Western blot analysis of pyrin S205 dephosphorylation in BMDMs. LPS-primed BMDMs were left uninfected, infected with Y. pseudotuberculosis strain IP6ΔM harboring an empty vector or IP6ΔM/pYopE or intoxicated with TcdB for 90 min. (A and B) Lysates were processed with nondenaturing NP-40 lysis buffer and separated into soluble and insoluble fractions by centrifugation. (C) Lysates were processed with denaturing RIPA lysis buffer, and the soluble fractions were collected. Samples were subjected to Western blotting using antibodies to pSer205 of pyrin, total pyrin, or β-actin.

FIG 3

Analysis of IL-1β release in BMDMs. LPS-primed BMDMs were left uninfected or infected with Y. pseudotuberculosis IP6ΔM/pYopE or IP6ΔMmJ mutants harboring empty vector, pYopE^R62K, pYopE^L109A, pYopE^3N, or pYopE for 90 min. After infection, supernatants were collected and analyzed by ELISA to detect the release of IL-1β. Data represent average values ± the standard errors of the means from three independent experiments. Significant differences compared to results with IP6ΔMmJ/pYopE-infected BMDMs were determined by one-way ANOVA. ns, not significant; *, P < 0.05; **, P < 0.01; ***, P < 0.001.

FIG 4

Western blot analysis of pyrin S205 dephosphorylation in BMDMs. LPS-primed BMDMs were left uninfected or infected with the indicated Y. pseudotuberculosis IP6ΔM or IP6ΔMmJ mutants for 90 min at an MOI of 30. After infection, lysates were processed with denaturing RIPA lysis buffer, collected, and subjected to Western blotting using antibodies to pSer205 of pyrin, total pyrin, or β-actin.

FIG 5

Analysis of IL-1β release and pyroptosis in BMDMs. LPS-primed BMDMs were left uninfected or infected with a Y. pseudotuberculosis 32777 ΔyopM, yopE^R144A, yopT^C139A, or yopE^R144A yopT^C139A strain for 90 min. Supernatants were collected and analyzed by ELISA for release of IL-1β (A) or by measurement of LDH release for pyroptosis (B). Data represent average values ± the standard errors of the means from three independent experiments.

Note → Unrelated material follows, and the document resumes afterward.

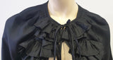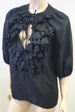 GIVENCHY Black Silk Round Tie Ruffle Neckline 3/4 Sleeve Blouse Shirt Top 36 UK8

Significant differences compared to results for the 32777 ΔyopM or yopE^R144A mutant-infected BMDMs were determined by one-way ANOVA. ns, not significant; *, P < 0.05; **, P < 0.01; ****, P < 0.0001.

FIG 6

Western blot analysis of pyrin S205 dephosphorylation in BMDMs. LPS-primed BMDMs were left uninfected or infected with the indicated Y. pseudotuberculosis 32777 ΔyopM strain for 90 min. After infection, lysates were processed with denaturing RIPA lysis buffer, collected, and subjected to Western blotting using antibodies to pSer205 of pyrin, total pyrin, or β-actin.

FIG 7

Analysis of IL-1β release in BMDMs. LPS-primed BMDMs were left uninfected or infected with indicated Y. pseudotuberculosis 32777 ΔyopM strains for 90 min or 180 min. Supernatants were collected and analyzed by ELISA to detect the release of IL-1β. Data represent average values ± the standard errors of the means from three independent experiments. Significant differences comparing the results of the same strains or different strains at the two time points were determined by two-way ANOVA. ns, not significant; **, P < 0.01.

FIG 8

Western blot analysis of pyrin S205 dephosphorylation in BMDMs. LPS-primed BMDMs were left uninfected or infected with the indicated Y. pseudotuberculosis 32777 ΔyopM strain for 90 or 180 min. After infection, lysates were processed with denaturing RIPA lysis buffer, collected, and subjected to Western blotting using antibodies to pSer205 of pyrin, total pyrin, or β-actin.